Matthew at CMU
My recent secondment from Cambridge to CMU really felt like coming home - I was working at CMU just one year before my secondment so I fit straight into the department and new exactly what to expect. That said, the visa situation was a bit different from when I was working at the university. I organised my secondment so it would last less than 90 days, therefore I would be eligible to enter the US on an ESTA. Because of other commitments I needed to take two trips outside of the US during the secondment. I had no problem entering the US the first two times, on the third times I had a few more questions at immigration about why I was coming to the US so often but no serious problems - I would recommend that if you are coming to the US on an ESTA that you enter as few times as possible.

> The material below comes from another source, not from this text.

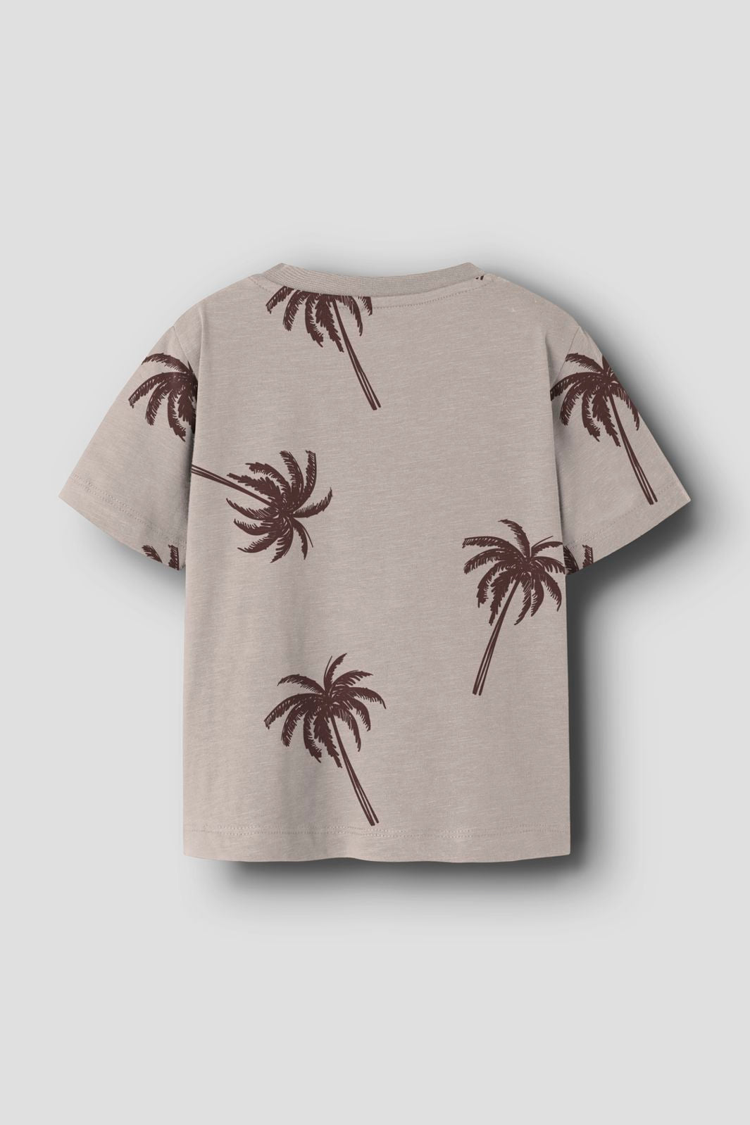 Grijze t-shirt van Name It met bruine palmbomen. De t-shirt heeft een ronde halslijn en korte mouwen.

The problem myself and Dejan (with another collaborator Jeff Calder from the University of Minnesota) worked on concerned how many labelled data points one needs in order for Laplacian regularisation on graphs to be asymptotically well-posed. This was building on previous work of Dejan and myself where we considered the same problem but with the number of labelled data points fixed. This problem turned out to be harder than I expected (of course) but we made some nice progress. We weren't able to consider the problem in as much generality as I had hoped but we now have a result for the 2-Laplacian which I am in the process of writing up. We also had some nice insights into the behaviour of similar problems that aren't asymptotically well-posed. In particular, we thought about how the decision boundaries between classes behaves in the large data limit.
It was a lot of fun to work on a very specific problem intensely for a couple of months. There were some distractions - such as the machine learning reading group I engaged with - but mostly I was focussed on this problem and put other projects on hold. The trip was productive and we will write a paper on (at least what I consider to be) an interesting problem. And like any good research project we managed to create more problems than we solved.